When history teacher Aimee Blazek was told by doctors she couldn’t continue to run or lift weights while pregnant, she needed to change her exercise routine so she could still move her body to improve her mental wellbeing. Here, she shares how she’s adapted and the new activities she is really enjoying.

Adjusting my exercise routine without losing the enjoyment

Exercise and moving my body are priorities for me. I’ve found, over many years, that when I am stagnant my physical and mental health suffer.

Luckily I either figure out that I’m not coping well with the stresses of life or teaching or, more usually, my husband will ask when the last time I went to the gym was, or suggest I go for a run. Moments such as these have made it clear that my personal wellbeing does rely on movement.

I have recently been advised that I can no longer exercise in the ways that I enjoy. I’m four months pregnant and my obstetrician has told me I can no longer run or lift weights. This change has not been an easy one to take on board and has meant I’ve had to really reassess the way I exercise.

So, what am I able to do? I can walk. Which, unfortunately, is not running.
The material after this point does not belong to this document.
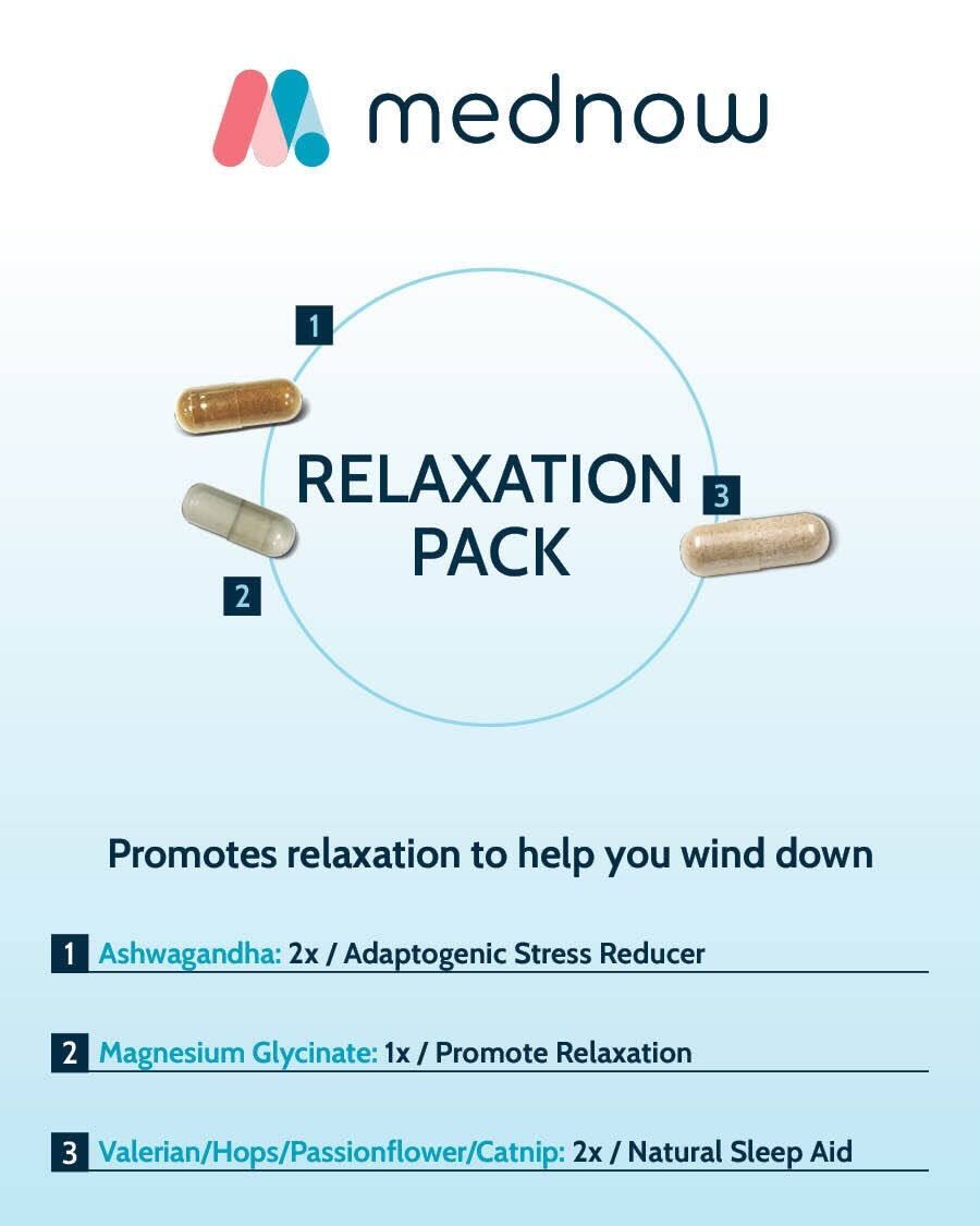 Medicinal Ingredients: [Stress Relief Ashwagandha: Ashwagandha extract 300mg (equivalent to 1200mg of dry ashwagandha roots)], [Magnesium Glycinate: Magnesium glycinate blend (magnesium glycinate chelate, glycine, magnesium oxide) 200mg], [Relax & Sleep Valerian Complex: Valerian (4:1) extract 50mg (equivalent to 200mg of raw herb), Hops (4:1) extract 25mg (equivalent to 100mg of raw herb), Passionflower (4:1) extract 25mg (equivalent to 100mg of raw herb), Catnip 20mg].

I had always enjoyed the pace of moving quickly, of the breeze on my face, and the challenge to improve my splits between kilometres.

So, honestly, the adjustment has been difficult to make, but it's a nice change to have made. I can still listen to a podcast while I walk, and I can still challenge myself if I wish, but a slower walk around my neighbourhood, looking at the houses and gardens with my husband, has been a refreshing change.

Yoga is also on the go-to list. I have been attending yoga weekly for well over 12 months and have been advised that yoga is perfect for the pregnant body.

But what I have really enjoyed, and taken much greater interest in, is the breath work that goes into yoga. As a teacher, I can hold a lot of stress in my body, so the focus on breath paired with movement has been a welcome relief at the end of a busy day by forcing those random negative, busy, or distracting thoughts out of my mind and body.

I have also tried other forms of low-impact exercise. And, I have discovered that just because a form of exercise is not classed as high impact, it does not mean that it is easy or ineffective.

Barre, for instance, has been a challenging experience. And whilst it was lovely to be a ballerina for all of two minutes during the class, the other 43 minutes were extremely challenging. Not to mention the shock I had two days afterwards when my legs and glutes reminded me that they were very much still feeling the burn.

Barre, as challenging as it is, has been a fast favourite and an activity that I hope to continue well into the future. Zumba is another that may be overlooked by those serious gym goers, but again provided a real challenge to my coordination and self-awareness. I may not return to that in the future, but it was fun. Another that I am yet to attempt and have been encouraged to attend is water aerobics, I just need to get some appropriate swimwear and find a class that I can get to.

Whilst it was really easy to get bogged down in what I am no longer able to do, the focus on health and clarity of mind is still my main focus. I am still an advocate of moving for wellbeing, but the way that I do that movement has been adjusted. My biggest take away, so far, has been that changing how you move is okay, just as long as you do move.